### YOUR OBJECTIVE
Repeat exactly the lines running from the first line of the data to the line containing "An einem EXTERNEN", both ends included, and nothing else; drop the pictures.

### EXTRACTED MATERIAL

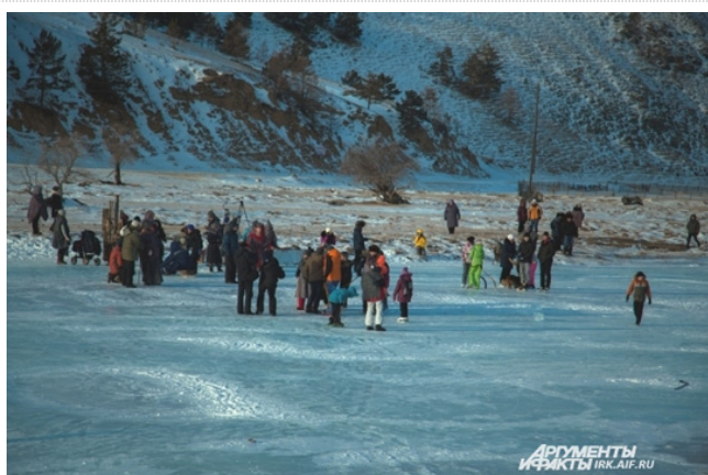
Каток на реке Бугульдейка

- Здесь постоянно дует ветер, поэтому те, кто любит пассивный отдых с максимумом удобств, сюда возможно и не поедут. Но это только плюс. Значит, будут приезжать те, кто хочет отдохнуть душой. Но мы рады всем, местные ветра за сутки способны выдуть городскую дурь из любого, - поделился Сергей.
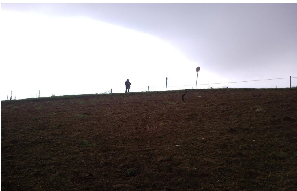
Foto 4 - Vista dell' area dal basso verso la strada principale.
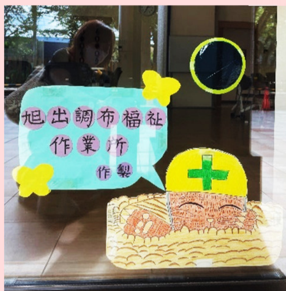
制作：旭出調布福祉作業所
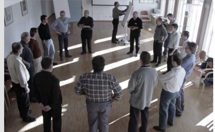
An einem EXTERNEN ORT in einem Veranstaltungsraum mit Bewegungsfreiheit.
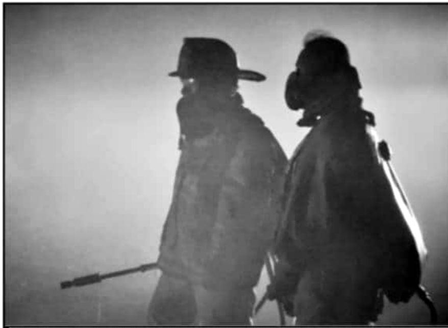
EN TODO EL ESTADO, LOS GRUPOS DE BOMBEROS CARECEN DEL EQUIPAMIENTO NECESARIO PARA SUS LABORES.

afirmó- fuera del marco normativo en los municipios de Cotija, Los Reyes, Peribán, Tancitaro, Uruapan, San Juan Nuevo, Ziracuaretiro, Morelia, Zacapu, Zitácuaro y Ocampo.
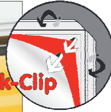
Werbefläche mit Alu-Klapprahmen – sekundenschneller Posterwechsel. Advertising space with aluminium snap frame – posters changed in seconds.
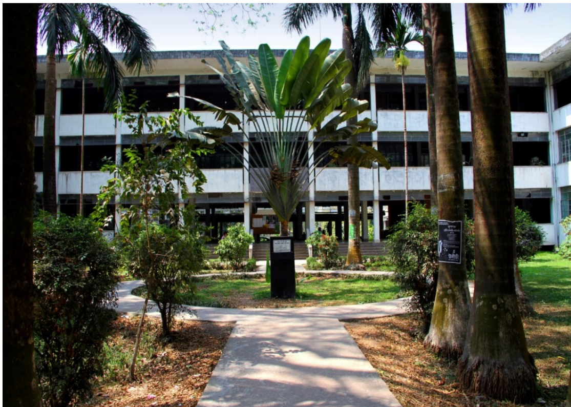
Abbildung 1: Repräsentativer Eingangsbereich zum Institute for Education & Research mit gepflegtem Vorgarten. Dhaka University, 2012

Der Anspruch, möglichst präzise und realitätsnahe Ergebnisse zu sichern, erforderte zum einen den persönlichen Aufenthalt zum Zweck der Forschungsarbeit an der Goethe-Universität in Frankfurt am Main sowie eine Forschungsreise an die University of Dhaka nach Bangladesch, um dort durch einen zweimonatigen Forschungsaufenthalt gleiche Ausgangsbedingungen für diese Untersuchung zu gewährleisten. Die Eindrücke dieser Forschungsreise wurden mittels Fotografien festgehalten (vgl. Abbildungen 1 und 2).
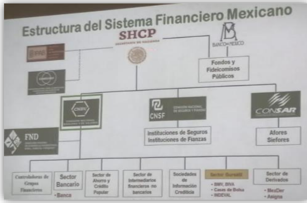
Fotografía 3 Estructura del Sistema Financiero Mexicano
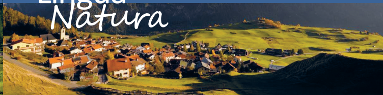
Parc natiral Ela
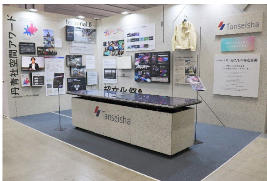
「SC ビジネスフェア 2025」丹青社ブース

これまで「空間づくり」に携わる従業員の安全を支えてきた当社のワークウェア。アップサイクルで形を変え、これからはオフィス環境のひとつとして「空間づくり」を支え続けます。
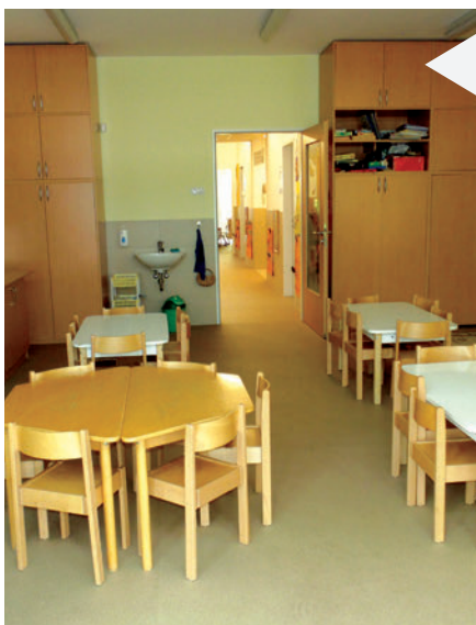
Megújultak a csoportszobák is
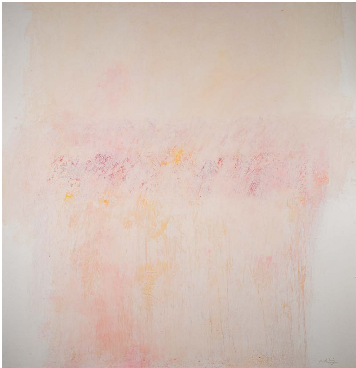
Walling Técnica mixta sobre táboa 122 × 125 cm
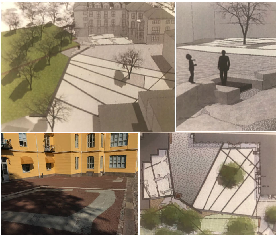
Plan över platsen i perspektiv och uppifrån, kalksten markerar ut medeltida husgrunder i marken.

Den kontakt från Kalmar kommun som visar mig runt på platsen förklarar att Kvarteret Valnötsträdet är ett massivt och ganska komplext material att sätta sig in i och att det varit svårt att omfamna alla de överväganden och intentioner som format platsen. I nuläget saknas den tvärsektoriella samverkan som präglat utvecklingsprocessen, människor byts ut och minnet är kort. Ansvaret ligger åter uppdelat på å ena sidan stadsbyggnadskontoret och å andra sidan gatukontor och parkförvaltning. Initiativet för att involvera och aktivera platsen och de historiska värden som tagits tillvara utifrån ett medborgerligt brukarperspektiv "faller lite mellan stolarna just nu" , menar hon. Hos Kultur och fritidsförvaltningen finns en del idéer liksom hos Destination Kalmar. Men ingen äger frågan och både kunskap och resurser verkar saknas för att implementera en samordnad och genomtänkt strategi: "Det är en komplex uppgift som ligger lite utanför boxen av det vardagliga arbetet inom kommunen. Det skulle behövas något av en eldsjäl som tar tag i och driver på utvecklingen av de möjligheter som platsen rymmer idag."
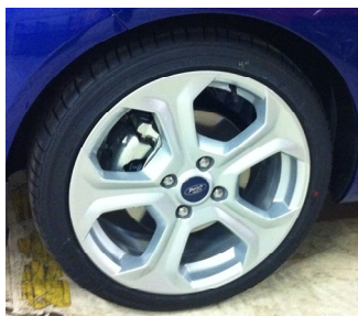
Standardní kola D2YA2
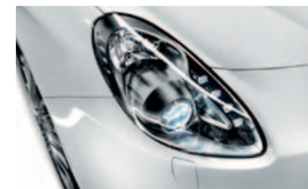
Bi-xenon koplampen inclusief adaptieve bochtverlichting: Onderdeel van Pack Premium Plus

### TASK RESULT
Каток на реке Бугульдейка

- Здесь постоянно дует ветер, поэтому те, кто любит пассивный отдых с максимумом удобств, сюда возможно и не поедут. Но это только плюс. Значит, будут приезжать те, кто хочет отдохнуть душой. Но мы рады всем, местные ветра за сутки способны выдуть городскую дурь из любого, - поделился Сергей.
Foto 4 - Vista dell' area dal basso verso la strada principale.
制作：旭出調布福祉作業所
An einem EXTERNEN ORT in einem Veranstaltungsraum mit Bewegungsfreiheit.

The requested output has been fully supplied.